Huang’s work can be described as molecular immunology with a bioengineering slant. His group studies the protective immune function of several types of T-cells, such as regulatory T-cells and natural killer cells, all of which are types of lymphocytes. Lymphocytes, a subset of white blood cells, are released by the immune system in response to a pathogen threat—a viral infection, for instance. They are part of the adaptive immune system. These lymphocytes specifically seek out signals of infection—antigens—which are emitted by antigen-presenting cells. Huang wants to determine the “how” and “how much” of these processes. 

His work has far-reaching implications for research on a variety of diseases, namely in the development of immunotherapies for treating infectious diseases and cancer. In Huang’s words, “You can relate almost every disease to T-cells.”

“IME is emphasizing a new area of bioengineering, which is bioengineering around the immune system…[Huang] developed fundamentally new tools for measuring the strength of interaction between cells of the immune system and their targets in various kinds of antigen-presenting cells… focusing directly on what you would call the physics of immunology,” Tirrell says.

To accomplish these means, Huang utilizes tools like single-molecule, single-cell, and systems-level immunology imaging and assay techniques. Huang highlighted his pointedly quantitative approach.

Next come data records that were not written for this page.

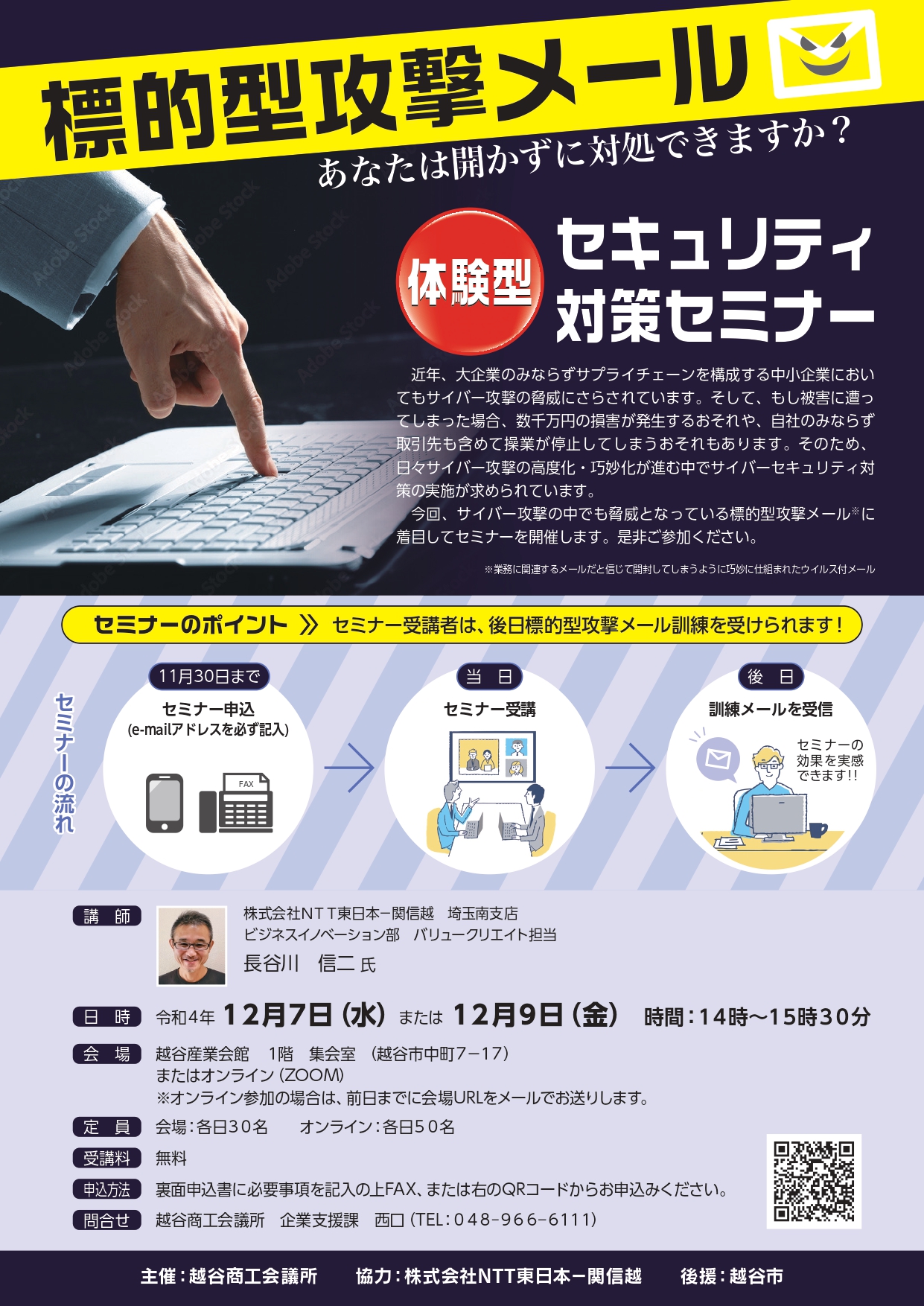 セミナー受講者は、後日標的型攻撃メール訓練を受けられます!詳しくはチラシをご確認ください。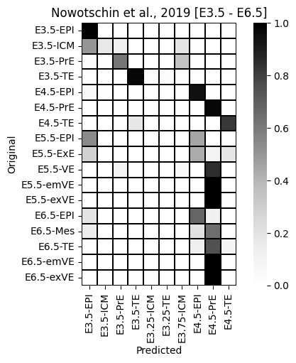 query.obs['orig'] = query.obs[['Timepoint', 'CellType']].agg('-'.join, axis=1)_ = sns.heatmap(sc.metrics.confusion_matrix('orig', 'predictions', data=query.obs), cmap='Greys', square=True, linewidth=0.2, linecolor='black').set(ylabel='Original', xlabel='Predicted', title='Nowotschin et al., 2019 [E3.5 - E6.5]')
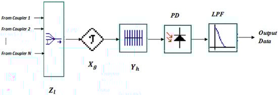 Finally, the delay line output is sent to the FBG to decode the data spectrally; it reflects back the components of spectral code sequence that correspond to ‘’. Additionally, the reflection helps to compensate for the run-trip delay. Lastly, the PD detects the reflection and converts the optical and decoded signal into an electrical signal, and the low pass filter (LPF) filters it.
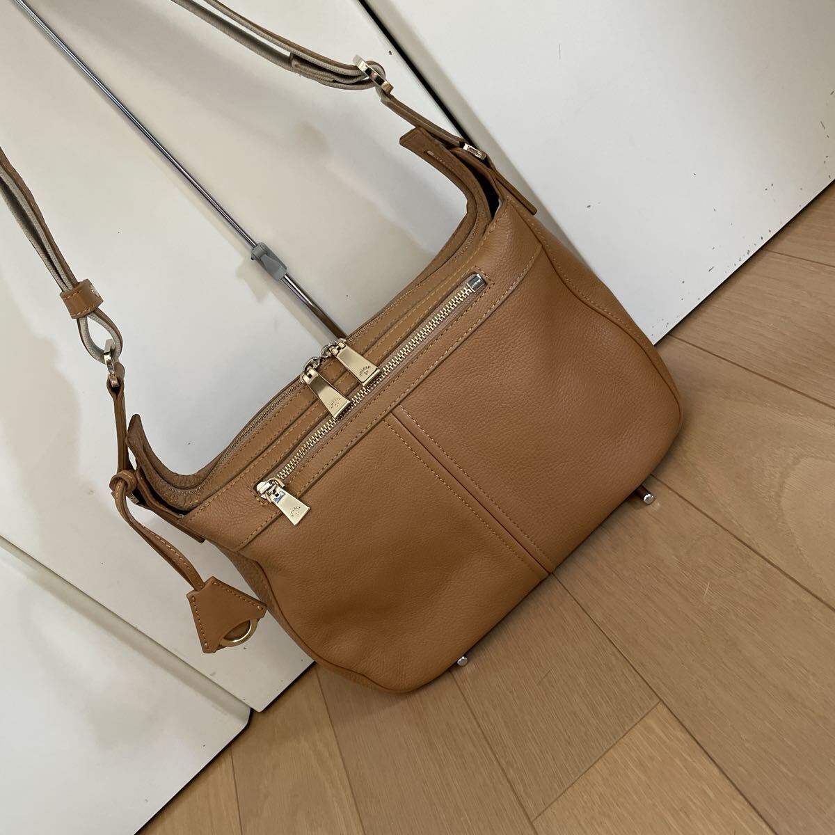 小ぶりのショルダーバッグはカジュアル限定のイメージがありますがそれを打破したかったというのがこのモデルの開発経緯。

Citing his engineering background, he commented, “engineering is very different from biology. We want precise, quantitative. We want to solve a problem practically…biology is in the transition process from descriptive, qualitative science to quantitative science…how high is ‘high’? How low is ‘low’?”  

For instance, Huang seeks to quantify the sensitivity of T-cells’ targeting mechanisms—that is, how a T-cell can specifically attack a viral pathogen without damaging healthy tissue. 

“People only have described it as ‘very sensitive.’ We want to get a number,” he says.

Huang expressed his excitement at joining the PME, where he officially started his appointment on July 1, 2015.

Huang says that “Matt Tirrell took the lead on creating the PME, which I think is a big deal—not just for the University of Chicago, but also the Chicago area.”     

Huang received a MS in chemical engineering in 2007 and PhD in bioengineering in 2008 from the Georgia Institute of Technology, after finishing his bachelor’s degree in China. He was subsequently a postdoctoral researcher in immunology at Stanford University. Huang is a recipient of the esteemed NIH Pathway to Independence Award (K99/R00) and has recently also been awarded another NIH Exploratory (R21) grant on “Direct visualization of serial engagement by T-cell receptors.”